Introduction
This article looks at how to interpret the output of the glm()
R function using the Titanic train dataset.
A note on the p-value: the p-value is a test of significance for the null hypothesis \(H_0\) that
- there is no difference in the log-odds of the outcome between the reference group (captured by the intercept) and the explanatory variable (or one of its categories), or that the difference between the two groups equals zero: \(H_0: b_1 = 0\) and \(H_a: b_1 \neq 0\).
If p<0.5, we reject \(H_0\) as we have evidence to suggest that the difference between the two groups does not equal zero.
Log-odds are not the most intuitive to interpret. Instead of discussing the change in the log-odds, we can calculate the odds ratio for a given variable by exponentiating the coefficient. Odds ratio is read “have x times the odds of the outcome of interest compared to thos in the reference group”.
Reference group of the outcome variable: by default, R creates uses the lowest coded group as the reference. The reference category can ce changed by using the ‘relevel()’. Here, ‘not survived’ (coded 0) is the reference group!

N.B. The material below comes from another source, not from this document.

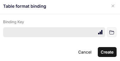 When adding a Table format binding in a recipe through the binding editor, the following dialog is shown:
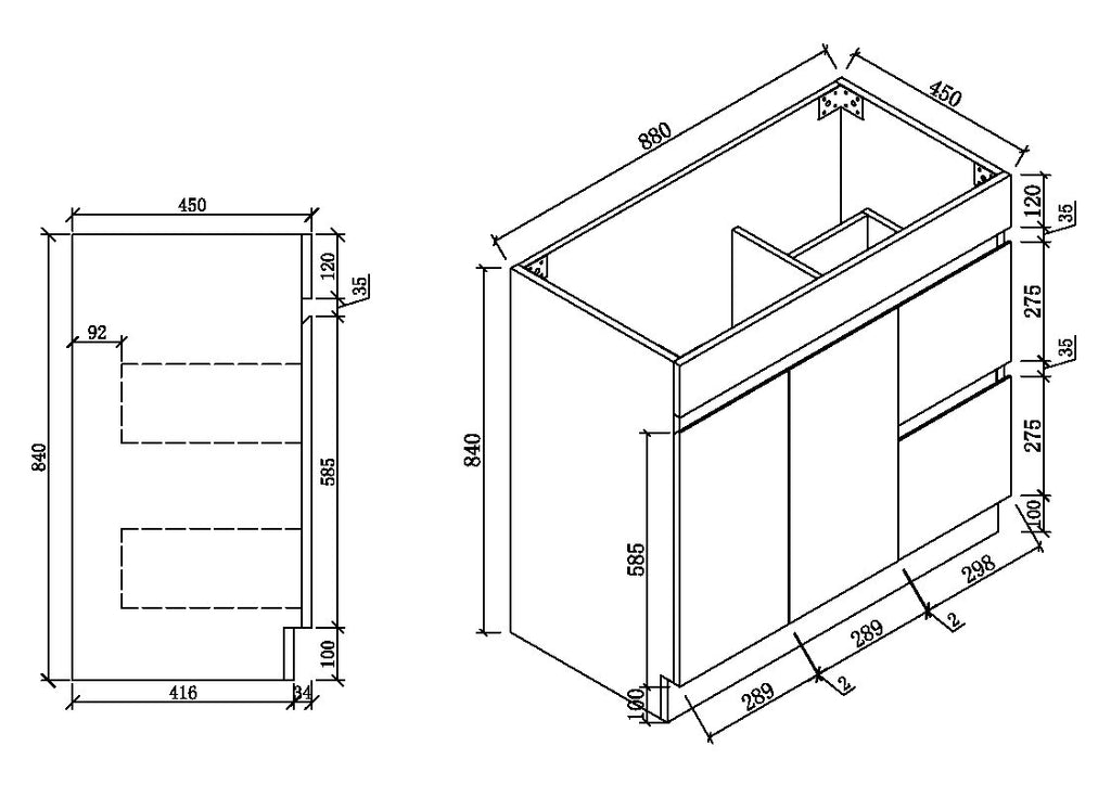 Thebe Soft Oak Vanity 900mm Right Hand Drawer Cabinet Only

Relatonship between Odds and Probabilities:
Odds=P/(1-P)
P=odds/(1+odds)
Odds=exp(log-odds)
P=exp(log-odds)/(1+exp(log-odds))
Categorical Explanatory Variable (2 Categories)
- Survived is modelled as a function of Sex.
- Reference group is female.
model1 <- glm(Survived ~ Sex, family=binomial(link='logit'), data=data)
summary(model1)
Call:
glm(formula = Survived ~ Sex, family = binomial(link = "logit"),
data = data)
Deviance Residuals:
Min 1Q Median 3Q Max
-1.646 -0.647 -0.647 0.772 1.826
Coefficients:
Estimate Std. Error z value Pr(>|z|)
(Intercept) 1.057 0.129 8.19 2.6e-16 ***
Sexmale -2.514 0.167 -15.04 < 2e-16 ***
---
Signif. codes: 0 ‘***’ 0.001 ‘**’ 0.01 ‘*’ 0.05 ‘.’ 0.1 ‘ ’ 1
(Dispersion parameter for binomial family taken to be 1)
Null deviance: 1186.7 on 890 degrees of freedom
Residual deviance: 917.8 on 889 degrees of freedom
AIC: 921.8
Number of Fisher Scoring iterations: 4
- Intercept: The log-odds of Survival for women is 1.057.
- Sexmale:
- The difference in the log-odds of survival between men and women is -2.514 i.e. the chance of survival is lower for men than for women.
- Given \(p < 0.5\), we can reject the null hypothesis (\(b_1=0\)) that there is no difference in the log-odds between men and women.
- Men have 0.081 times the odds (i.e. -92 %) of survival than women.
- Null deviance = SSTot
- Residual deviance = SSResid
Categorical Explanatory Variable (More than 2 Categories)
- Survived is modeled as a function of AgeGroup.
- Note that this model is produced from the data without missing Age rows.
- The default reference group is 0-19.
model2 <- glm(Survived ~ AgeGroup, family=binomial(link='logit'),
data=na.omit(data))
summary(model2)
Call:
glm(formula = Survived ~ AgeGroup, family = binomial(link = "logit"),
data = na.omit(data))
Deviance Residuals:
Min 1Q Median 3Q Max
-1.15 -0.99 -0.99 1.36 1.62
Coefficients:
Estimate Std. Error z value Pr(>|z|)
(Intercept) -0.0732 0.1563 -0.47 0.639
AgeGroup20-39 -0.3842 0.1879 -2.04 0.041 *
AgeGroup40-59 -0.3567 0.2345 -1.52 0.128
AgeGroup60+ -0.9253 0.4689 -1.97 0.048 *
---
Signif. codes: 0 ‘***’ 0.001 ‘**’ 0.01 ‘*’ 0.05 ‘.’ 0.1 ‘ ’ 1
(Dispersion parameter for binomial family taken to be 1)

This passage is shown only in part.